One more question. I’m trying to add extractor linked to your git repo. Should I simple run
meltano add extractor tap-mongodb
but change the
meltano.yml
to look like this?
Copy code
extractors:
- name: tap-mongodb
  variant: transferwise
  pip_url: git+<https://github.com/menzenski/tap-mongodb.git@f51ecab>
  config:
    mongodb_connection_string: <long-string>
    database_includes:
      - database: test-db
Would this work or do I need to add extractor that hits your git repo in the cli?
m
Copy code
plugins:
  extractors:
    - name: tap-mongodb
      namespace: tap_mongodb
      # variant: menzenski
      pip_url: git+<https://github.com/menzenski/tap-mongodb.git@f51ecab72a5d7b2d4dae108356ec395c405dafc6>
      executable: tap-mongodb
      capabilities:
        - state
        - catalog
        - discover
        - about
        - stream-maps
      config:
        add_record_metadata: true
        allow_modify_change_streams: true
      settings:
        - name: mongodb_connection_string
          kind: password
        - name: documentdb_credential_json_string
          kind: password
        - name: documentdb_credential_json_extra_options
          kind: string
        - name: prefix
          kind: string
        - name: start_date
          kind: date_iso8601
        - name: database_includes
          kind: array
        - name: add_record_metadata
          kind: boolean
        - name: allow_modify_change_streams
          kind: boolean
        - name: operation_types
          kind: array
in my experience, for a tap like this (that’s not on the Hub, but has the same name as a tap on the Hub), it’s necessary to leave out the
variant
and include a
namespace
(which I believe can be anything)
but this works for me (and then I have other taps that inherit from this for individual mongodb databases)
m
FYI I was able to get it working with this config!
Copy code
- name: tap-mongodb
  variant: z3z1ma
  pip_url: git+<https://github.com/z3z1ma/tap-mongodb.git>
  config:
    mongo:
      host: '<DB Connection String>'
Do you know if there is a way to only select a few collections and filter those collections to some fields (and load them incrementally)? I went though the github code and I see a
database_includes
filter but not a
collection_includes
filter. I’m super new to meltano so not sure if this is a setting somewhere? Looking for something like this:
Copy code
config:
  mongo:
    host: <DB connection string>
  strategy: raw
  collections: ['collection1', 'collection2', 'collection3']
  query:
    collection1:
      load_type: full-refresh
      filter: {}
    collection2:
      load_type: incremental
      filter: {}
    collection3:
      load_type: incremental
      filter: {'_id': 1, 'winnerSeatNumber': 1, 'playerActions': 1, 'createdAt': 1, 'updatedAt': 1}
m
that’s one of the reasons I made my own tap 🙂 with mine you can specify
Copy code
config:
        mongodb_connection_string: <mongodb://admin:password@localhost:27017/>
        database_includes:
          - database: test-database
            collection: TestDocument
and it will load incrementally by default
m
nice!
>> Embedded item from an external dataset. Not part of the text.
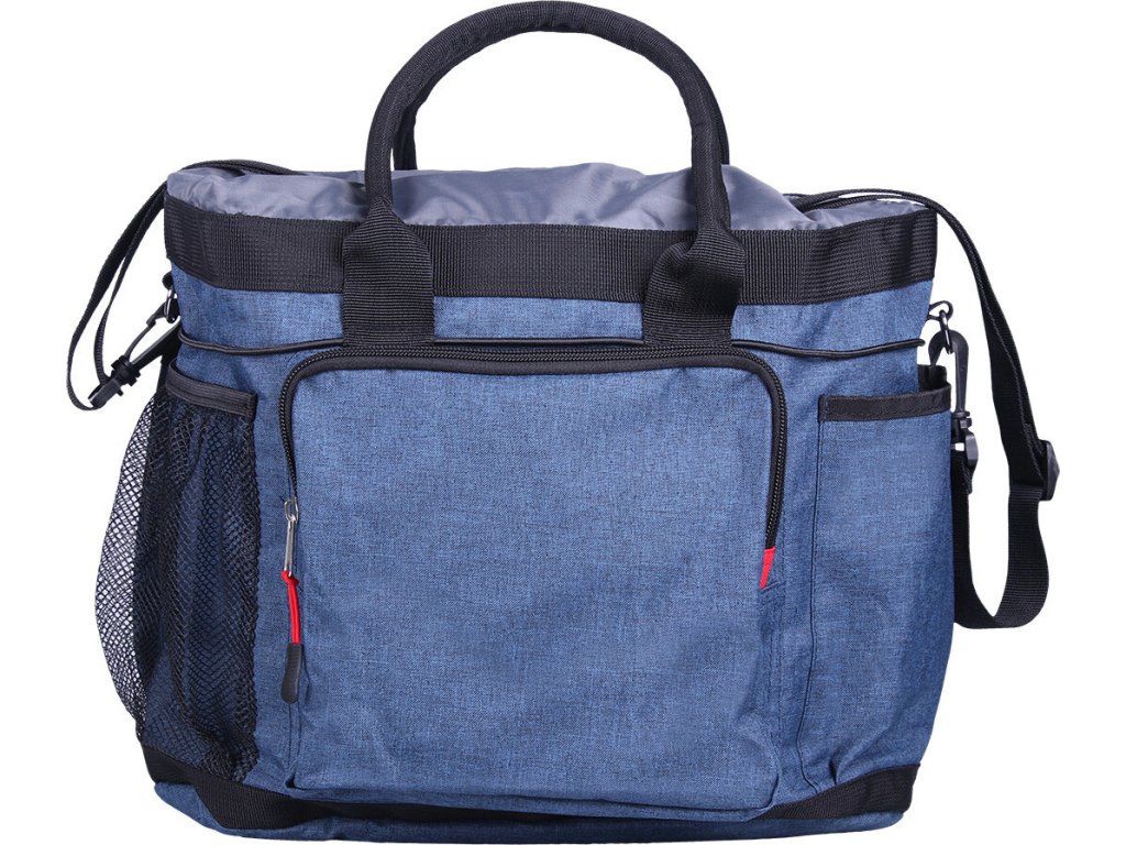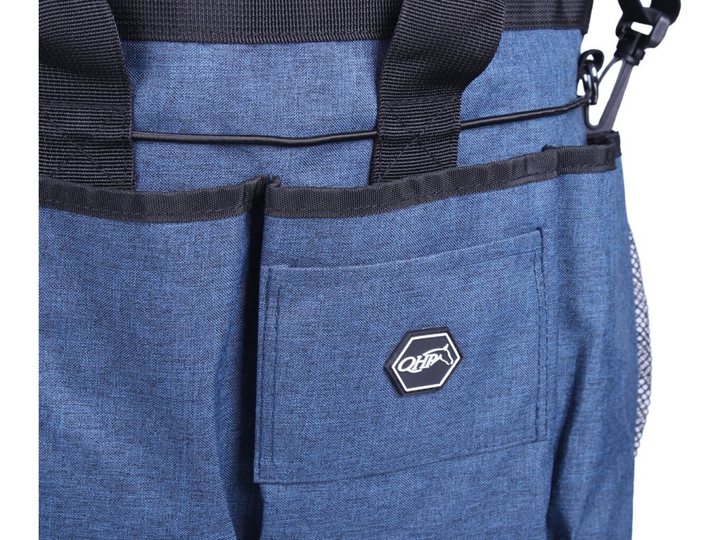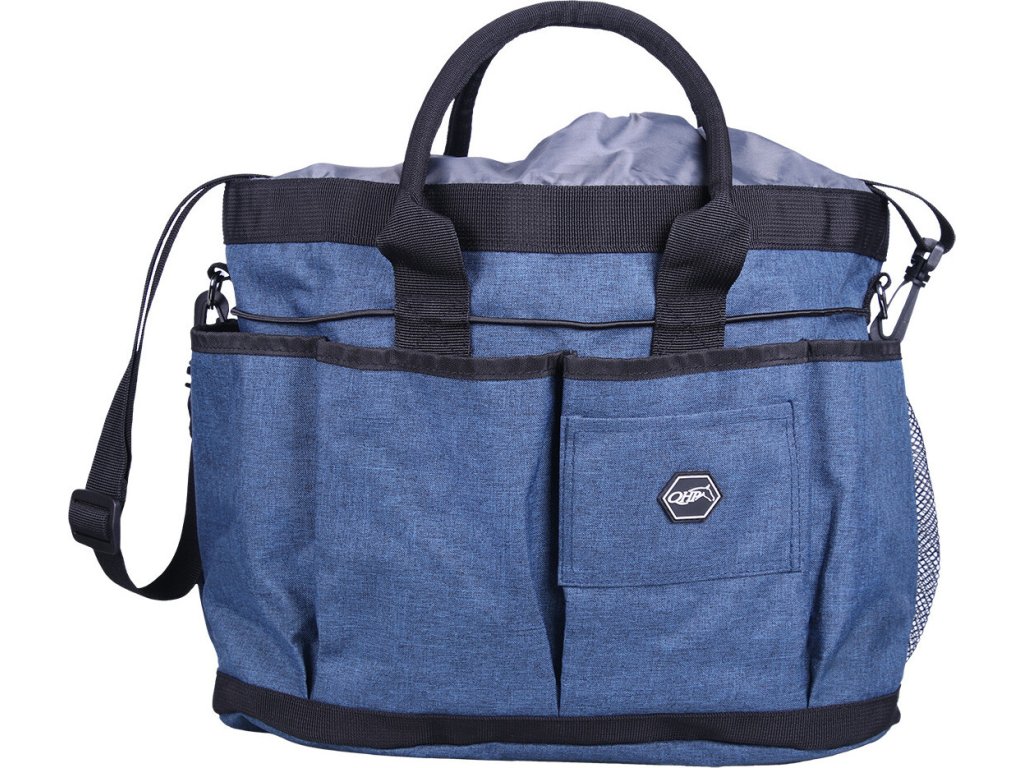 Luksusowa torba do pielęgnacji, z dużą przestrzenią do przechowywania. Wykonana z materiału, który odpycha wodę. Torba jest wyposażona w miękki, odpinany pasek na ramię i krótsze paski. Posiada dużą kieszeń ze ściągaczem i kieszeń zapinaną na zamek wewnątrz. Mniejsze kieszenie zewnętrzne idealnie nadają się do przechowywania szczotek, a siateczkowa kieszeń na napoje. Na spodzie znajdują się plastikowe nóżki zapewniające lepszą stabilność. Torba jest ozdobiona logo QHP. Dostępna w kilku kolorach.

Can you also filter the fields?
m
I haven’t tested that, but in theory, yes, the
select
syntax should work
m
How is it handled when in mongo there are multiple nested jsons but target to structured DB like snowflake? It flattens every nested value?
m
typically that sort of flattening will happen in the target, not the tap. My tap outputs the entire mongodb document as one JSON object
I don’t have any experience with snowflake so can’t speak to that specifically
p
m
@pat_nadolny Nice! @Matt Menzenski I see. I’m still trying to get your repo working but I am unable to connect. Here’s my YAML
Copy code
- name: tap-mongodb
    namespace: tap_mongodb
    # variant: menzenski
    pip_url: git+<https://github.com/menzenski/tap-mongodb.git@f51ecab72a5d7b2d4dae108356ec395c405dafc6>
    executable: tap-mongodb
    capabilities:
      - state
      - catalog
      - discover
      - about
      - stream-maps
    config:
      add_record_metadata: true
      allow_modify_change_streams: true
      mongodb_connection_string: <db string>
      database_includes:
        - database: Staging
          collection: collection1, collection2
    settings:
      - name: mongodb_connection_string
        kind: password
      - name: documentdb_credential_json_string
        kind: password
      - name: documentdb_credential_json_extra_options
        kind: string
      - name: prefix
        kind: string
      - name: start_date
        kind: date_iso8601
      - name: database_includes
        kind: array
      - name: add_record_metadata
        kind: boolean
      - name: allow_modify_change_streams
        kind: boolean
      - name: operation_types
        kind: array
Copy code
meltano config tap-mongodb test
2023-04-26T18:31:34.852644Z [info     ] The default environment 'staging' will be ignored for `meltano config`. To configure a specific environment, please use the option `--environment=<environment name>`.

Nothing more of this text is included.